As we move back towards the back of the brain we get to the parietal lobe. What’s the function of that? It basically is a sensation. It’s you dealing with and reacting to your environment. So we have a lot of neurons coming in here from sensory input. As we move to the back we have the occipital lobe. The function of that is the vision, primarily vision. And then we move on to the side. We have what is called the temporal lobe. The temporal lobe is going to be important in language. It’s important in hearing. It’s also important in memory. We have a lot of memories in there. And so each of these lobes has different functions that are associated with it.
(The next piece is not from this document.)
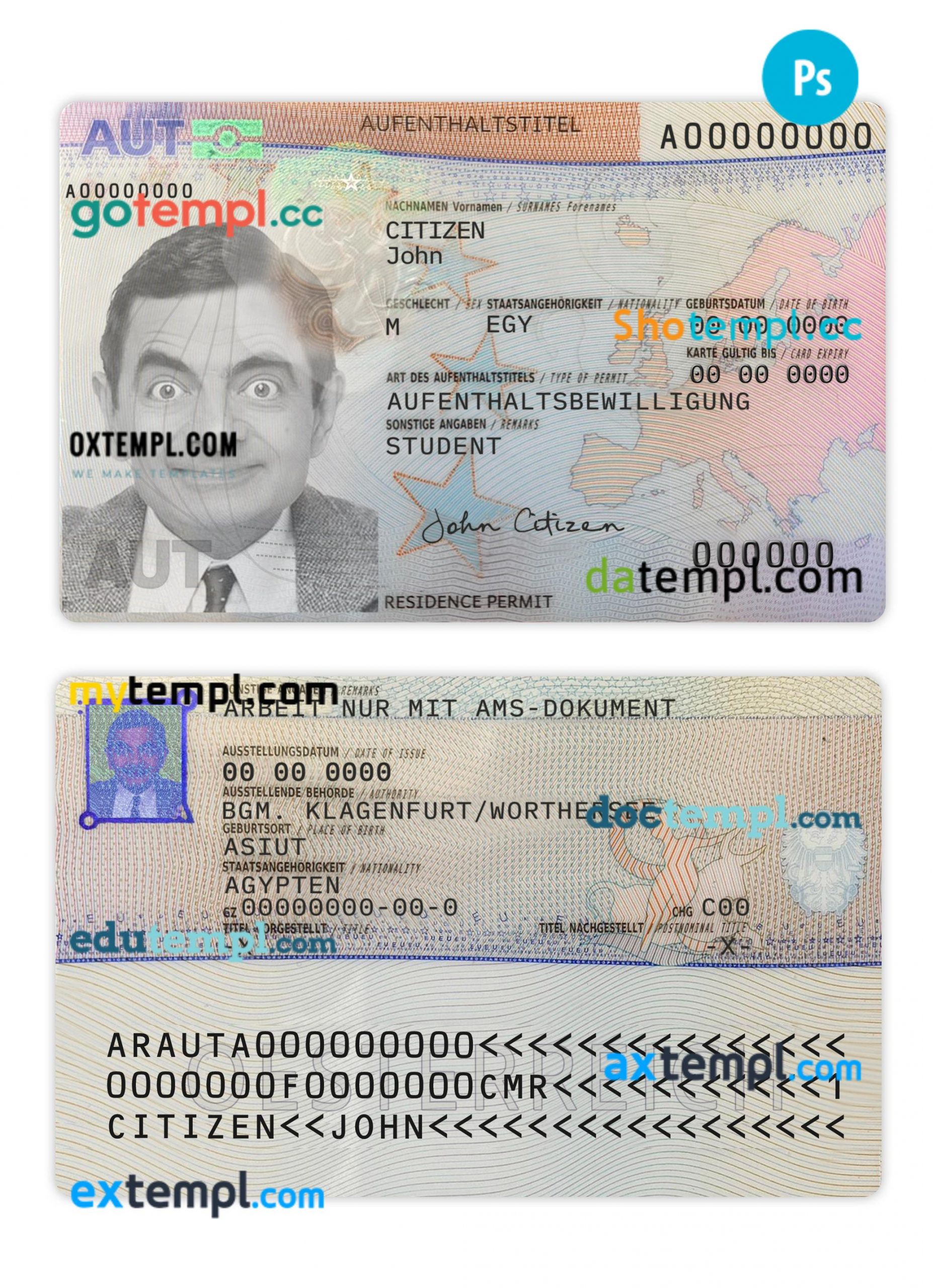 Completely editable Austrian residence permit card template in PSD format.

And hopefully, those little icons help you remember those functions.

Now if we were to go inside the parietal zone we’d find a really important part here. It’s called the somatosensory cortex. And that’s where sensory information is coming into the brain. And then on the other side of the lobe, we have what’s called the motor cortex. And so going way back to that worm, we have information coming in, sensory information. And then we have motor output coming out. And so that’s going to be a point of integration where we get information in. Decide what we want to do with it. And then send that message back out.

Now if we were to look at that somatosensory cortex and map it along the cerebral cortex, we would find that we dedicate huge amounts of that brain surface area to things like your fingers, your tongue, your lips. In other words, we have way more neurons and way more sensory information coming in from your fingers as opposed to, for example, your back. We don’t have as much of it dedicated to that on the backside.

We could also functional MRIs and then even an operation to figure out where a lot of these things are located, like speech and smell and hearing. But over the future, we’re going to get really really good at figuring out specifically what are all of the different parts of the brain. What are the nuclei? What do they do? And even mapping it down to the level of the neuron.